Below is a block of records; reproduce all of them exactly and leave out any pictures.

======== Material for this task ========

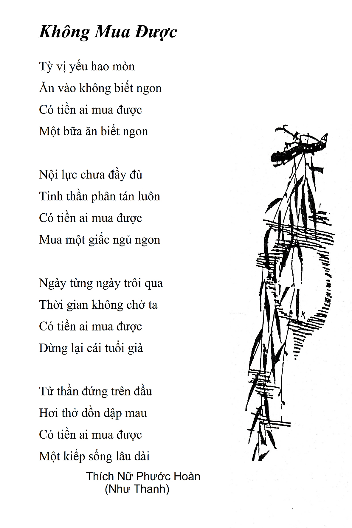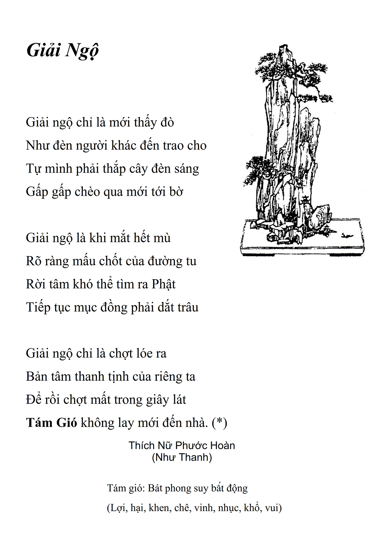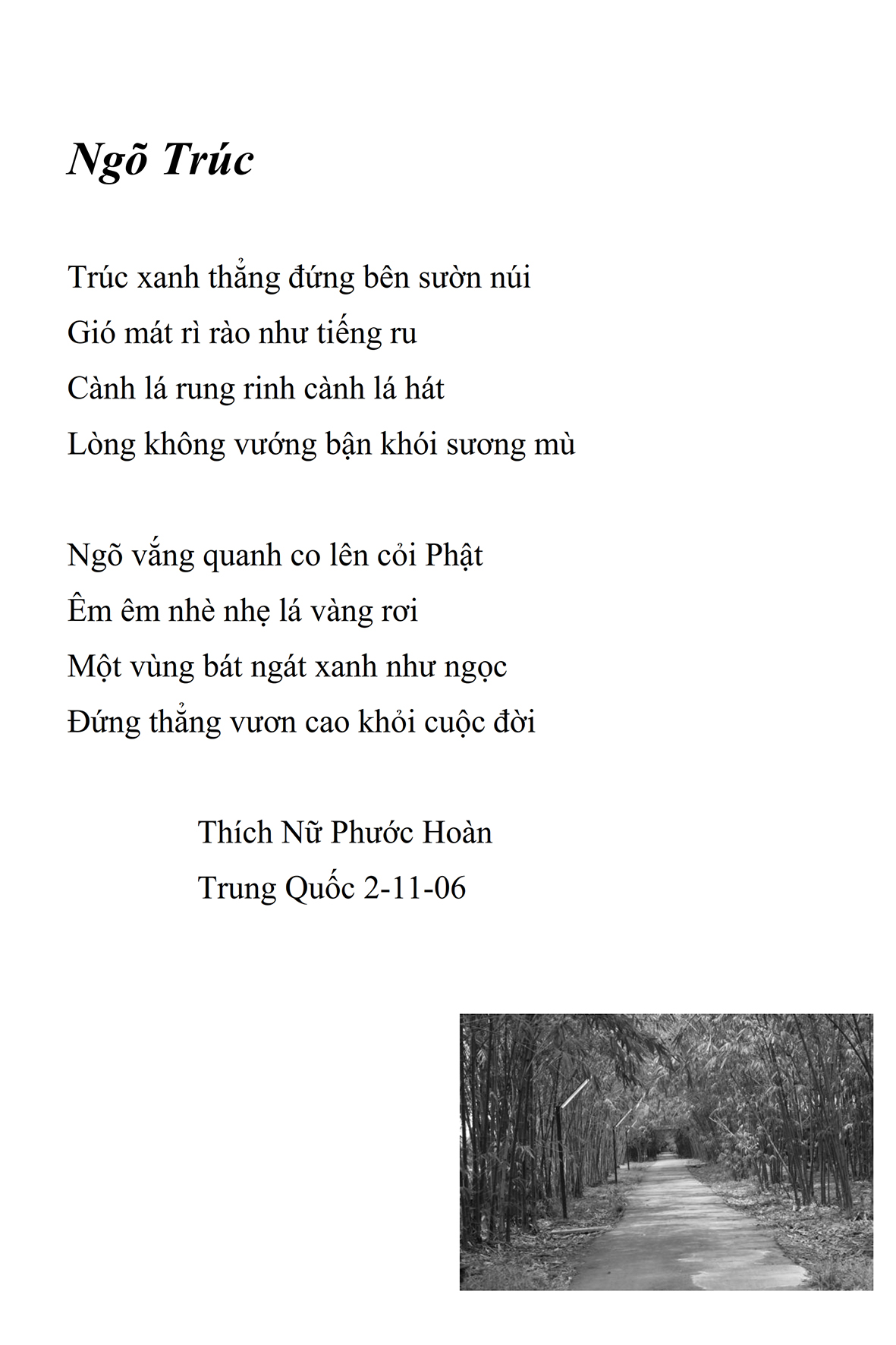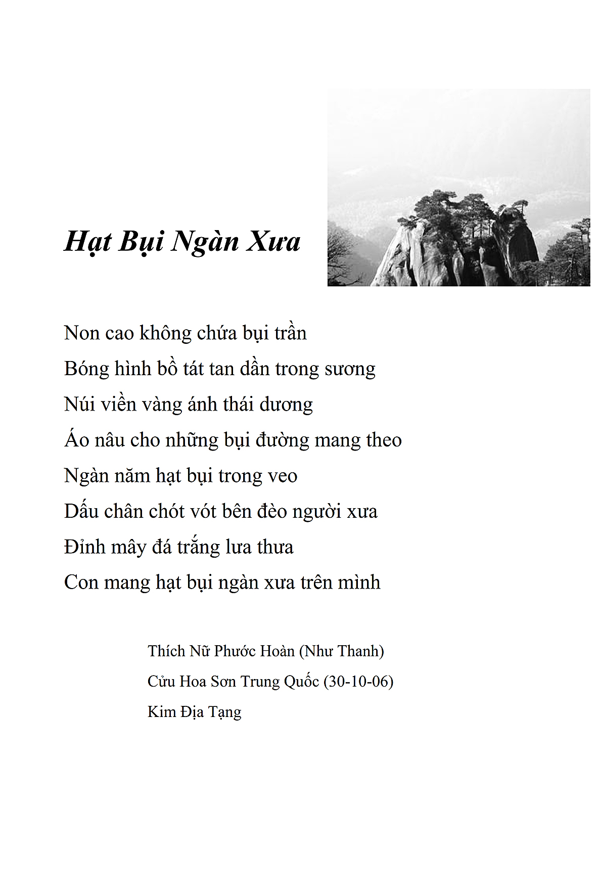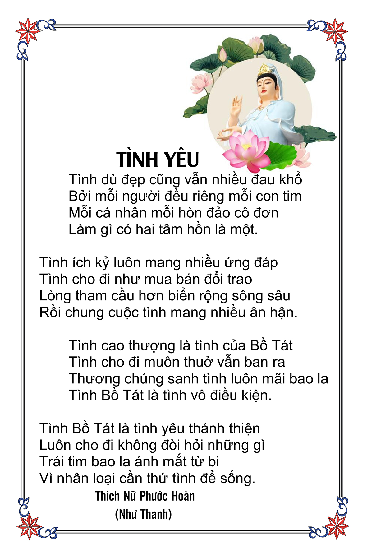 Là một nữ tu sĩ chân yếu tay mềm, Phật sự đa đoan, lòng tôi vẫn cảm thấy tràn đầy nguồn an ủi vô biên trong những lúc mệt nhọc. Những ngày gần đây, các bài thơ trong tập thơ Hoa Thiền, mang tâm ý Phật Pháp, được Cô Đặng Lan và các thi sĩ ngâm vịnh, được Phật tử Tâm Nghiêm đọc vào đĩa, được Nhạc sĩ Nguyễn Nhật Tân phổ nhạc… với những niềm khích lệ đó, khiến tôi cố gắng sáng tác thêm những vần thơ mới. Và hôm nay, tập thơ Hoa Thiền tái bản, mang vóc dáng trang trọng, gói trọn một nội dung hồn thơ và ý nhạc, khiến cho lời thơ nhẹ nhàng bay vút khắp nơi và tuôn chảy vào tận cõi lòng người. Tôi xin chân thành cảm nhận tất cả và trân trọng khắc ghi vào lòng một kỷ niệm đẹp trong suốt hành trình dấn thân vì Đạo.
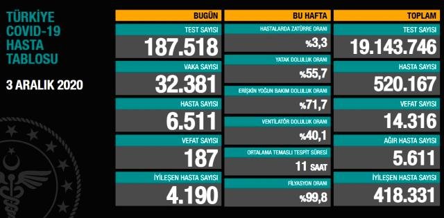Sağlık Bakanlığı, Türkiye‘nin Günlük Koronavirüs Tablosu’nu paylaştı. 3 Aralık açıklanan son 24 saatlik verilere göre; 6 bin 511’i semptomatik olmak üzere toplam 32 bin 381 yeni vaka tespit edildi. Vefat sayısı ise 187 olarak gerçekleşti. Böylece Türkiye’de koronavirüs nedeniyle hayatını kaybedenlerin sayısı 14 bin 316’ya, toplam hasta sayısı ise 520 bin 167’ye yükseldi.
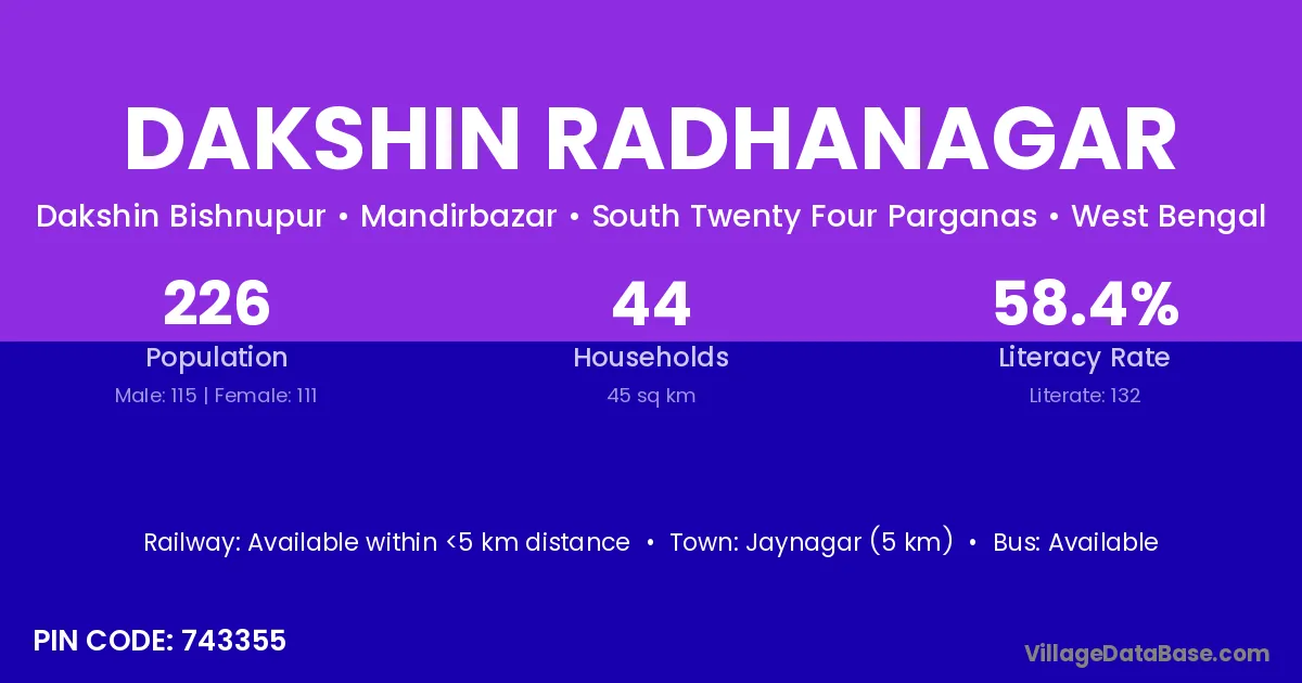 Dakshin Radhanagar village has a total population of 226 people, of which 115 are males and 111 are females.
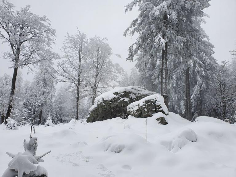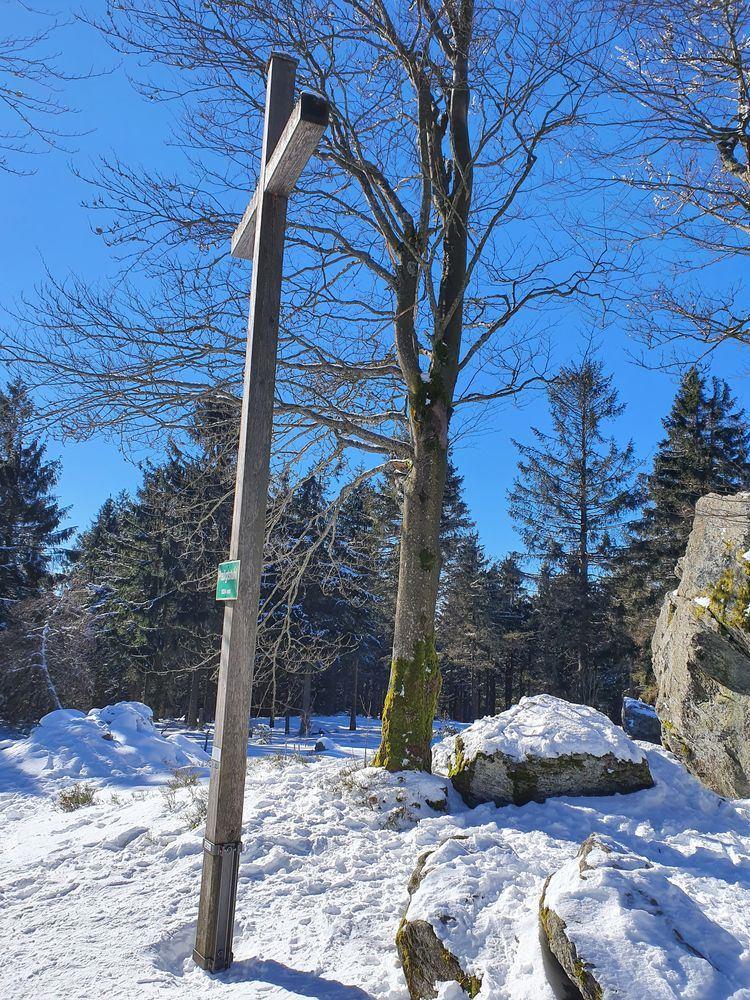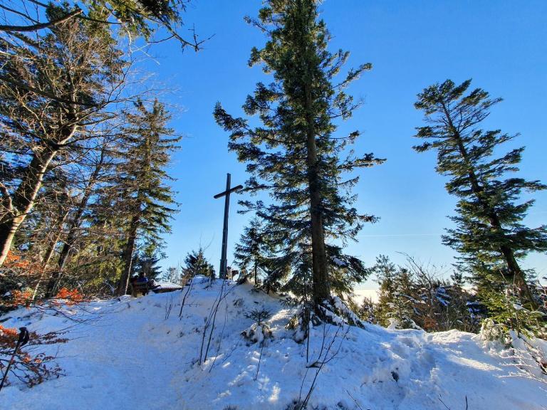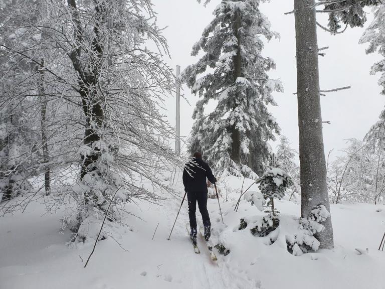Wir bogen am Kletterwald nach links ab, querten die Langlaufloipe und kamen dann zur Kreuzung des Goldsteigwanderweges, der nach links zum Predigtstuhl (1024 m), geradeaus zum Hochberg (1025 m) und rechts zum Knogl (1056 m) führt. Wir entschieden uns als erstes den Hochberg zu erklimmen und dann weiter zum Knogl aufzusteigen. Leider hatten wir keine Aussicht, aber das "Winterwonderland" konnte sich trotzdem sehen lassen. Auf gleichem Wege ging es dann zurück bis zum Predigtstuhlgipfel, von wo wir über die Piste abfuhren.
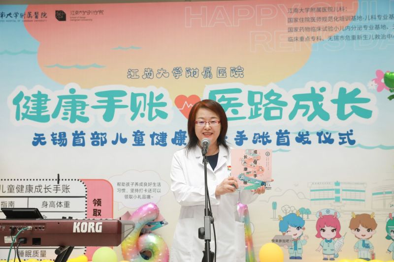 为向小朋友和家长们宣传健康成长科普知识,江南大学附属医院与江南大学设计学院黄秋儒教授团队联合设计了一本趣味满满的儿童成长健康手账。手账中包含了由儿科不同领域专家与设计团队共同打造的童趣科普插画,包括新生儿黄疸、儿童注意缺陷多动障碍、支气管哮喘、儿童性早熟等疾病的防治知识等,还使用医院卡通IP形象“鼋小江” “鼋小南”,引导小朋友每日进行健康打卡,帮助小朋友们养成健康生活习惯。首发仪式后,该院医护人员向患儿及家长代表赠送了儿童成长健康手账。
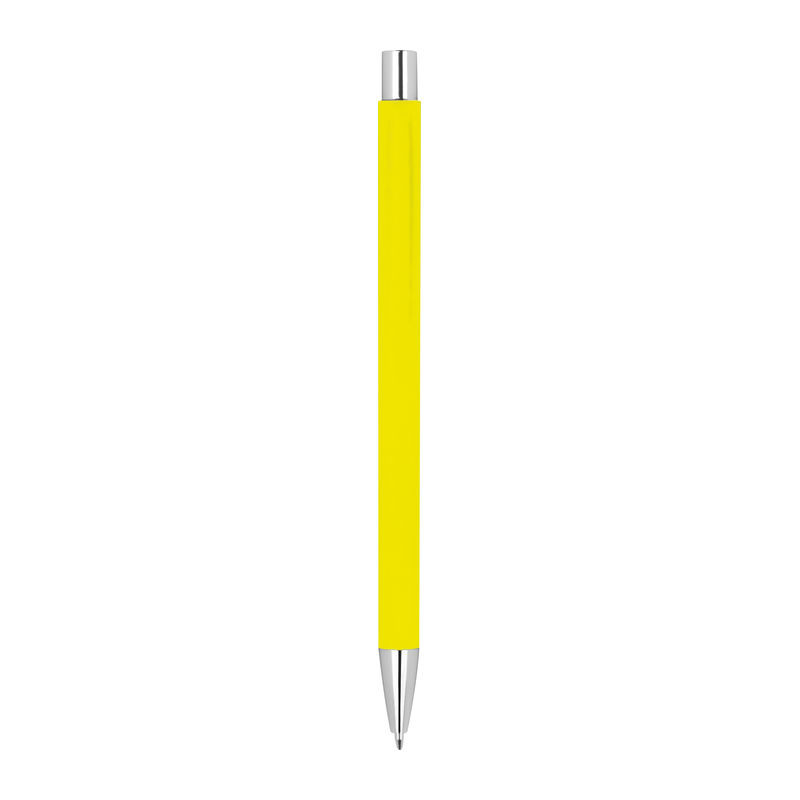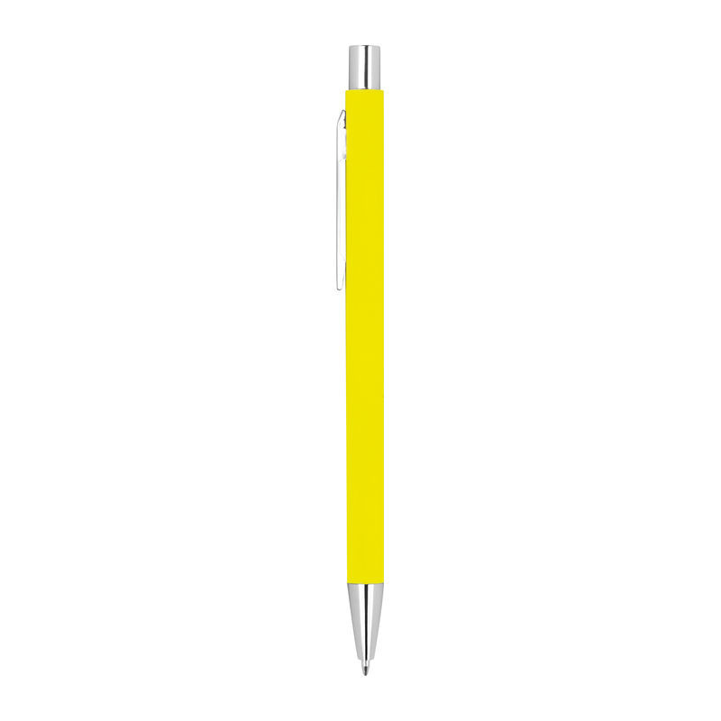 Vékony gumírozott fém nyomógombos golyóstoll ezüst színű kiegészítőkkel és kék színű tollbetéttel.

========

> **Task answer**
 Là một nữ tu sĩ chân yếu tay mềm, Phật sự đa đoan, lòng tôi vẫn cảm thấy tràn đầy nguồn an ủi vô biên trong những lúc mệt nhọc. Những ngày gần đây, các bài thơ trong tập thơ Hoa Thiền, mang tâm ý Phật Pháp, được Cô Đặng Lan và các thi sĩ ngâm vịnh, được Phật tử Tâm Nghiêm đọc vào đĩa, được Nhạc sĩ Nguyễn Nhật Tân phổ nhạc… với những niềm khích lệ đó, khiến tôi cố gắng sáng tác thêm những vần thơ mới. Và hôm nay, tập thơ Hoa Thiền tái bản, mang vóc dáng trang trọng, gói trọn một nội dung hồn thơ và ý nhạc, khiến cho lời thơ nhẹ nhàng bay vút khắp nơi và tuôn chảy vào tận cõi lòng người. Tôi xin chân thành cảm nhận tất cả và trân trọng khắc ghi vào lòng một kỷ niệm đẹp trong suốt hành trình dấn thân vì Đạo.
Sağlık Bakanlığı, Türkiye‘nin Günlük Koronavirüs Tablosu’nu paylaştı. 3 Aralık açıklanan son 24 saatlik verilere göre; 6 bin 511’i semptomatik olmak üzere toplam 32 bin 381 yeni vaka tespit edildi. Vefat sayısı ise 187 olarak gerçekleşti. Böylece Türkiye’de koronavirüs nedeniyle hayatını kaybedenlerin sayısı 14 bin 316’ya, toplam hasta sayısı ise 520 bin 167’ye yükseldi.
 Dakshin Radhanagar village has a total population of 226 people, of which 115 are males and 111 are females.
Wir bogen am Kletterwald nach links ab, querten die Langlaufloipe und kamen dann zur Kreuzung des Goldsteigwanderweges, der nach links zum Predigtstuhl (1024 m), geradeaus zum Hochberg (1025 m) und rechts zum Knogl (1056 m) führt. Wir entschieden uns als erstes den Hochberg zu erklimmen und dann weiter zum Knogl aufzusteigen. Leider hatten wir keine Aussicht, aber das "Winterwonderland" konnte sich trotzdem sehen lassen. Auf gleichem Wege ging es dann zurück bis zum Predigtstuhlgipfel, von wo wir über die Piste abfuhren.
 为向小朋友和家长们宣传健康成长科普知识,江南大学附属医院与江南大学设计学院黄秋儒教授团队联合设计了一本趣味满满的儿童成长健康手账。手账中包含了由儿科不同领域专家与设计团队共同打造的童趣科普插画,包括新生儿黄疸、儿童注意缺陷多动障碍、支气管哮喘、儿童性早熟等疾病的防治知识等,还使用医院卡通IP形象“鼋小江” “鼋小南”,引导小朋友每日进行健康打卡,帮助小朋友们养成健康生活习惯。首发仪式后,该院医护人员向患儿及家长代表赠送了儿童成长健康手账。
 Vékony gumírozott fém nyomógombos golyóstoll ezüst színű kiegészítőkkel és kék színű tollbetéttel.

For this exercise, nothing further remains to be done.